After we shared a laugh at Past Me’s expense, he stood up and motioned to the door. Once there, we shook hands and repeated the farewell we’ve been repeating for years.
“Analysis Paralysis,” he said in the way he always says it.
“Analysis Paralysis,” I replied in the way I always reply.
I’d suppressed memory of that session until now.
I’m presently out back, meandering about my tropical oasis, watering and admiring my chummies.
You could say that this act alone is a form of therapy, and, like therapy, it’s got me contemplating.
Look, that lady in front of me in the Whole Foods line – sure, she was a tad brainwashed. But that wasn’t the most important thing about her.

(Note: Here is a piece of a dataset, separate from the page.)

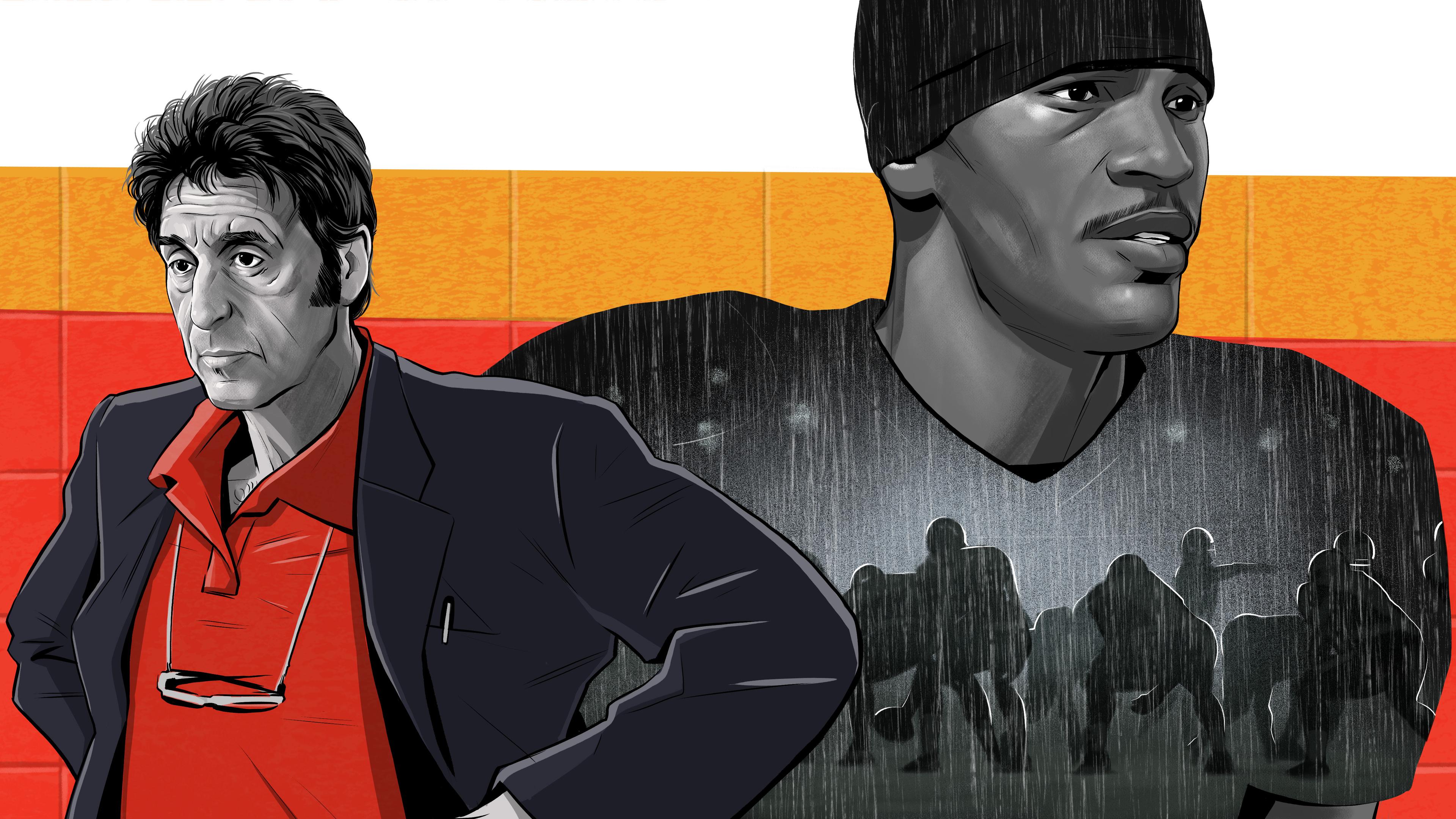 Pacino: When you hear football spoken between people who really know what they’re doing, you can’t understand the language. But it has a sort of lilt to it and it’s extremely poetic. I only got about a third of it. I loved it. I loved learning how they move on the sideline. I didn’t know what I was doing, but I was moving! I liked it. Then you realize the reality of being coach. It’s deep. No vacation.

No, the most important thing about her was that she was an unadulterated bundle of joy who was excited to share in some semblance of community. I was too wrapped up in my own stuff to appreciate this. But now I’m kicking myself for not asking her name.
I need to drop this rigidity thing. It’s not noble. In fact, it’s something very different: a crutch I lean on, my out, my excuse not to engage.
And anyways, purity is hard to come by in this life. We’re all born at random in a context we have no control over.
Today, that context consists of Big Tech, Apps We Probably Shouldn’t Download, Nuclear Apocalypse On A Hair Trigger, Climate Change either as Worse Than Nuclear Apocalypse And Artificial Intelligence Combined or Biggest Hoax Ever, depending on who you ask.
But I’ll take it.
The alternative is the Amish and I’m not an Amish nor do I have any intention of becoming one.
A Torch Ginger blooms a somewhat-faded flower when planted in soil with a high pH level. But even in these conditions, it is among the most vibrant flowers you will ever come by.
I should know.
I’m eyeing one right now with a warmth and adoration I reserve for far too few occasions.
Hey, you.
Just then my phone buzzes.
I reach for it with the hand that’s not gripping the nozzle.
It’s a notification from my Ring Camera (yet another Amazon subsidiary) alerting me to activity at the front door.
I open the app to see a beaming Mormon donning the characteristic white short-sleeve button-up and clutching a horde of brochures.
I drop the hose. I fast-walk back inside. I take a deep breath. I put on the widest smile I can muster. I open the door.
We get to talking.
For no real reason other than the fact that he wanted to make a convert out of me, we get to talking.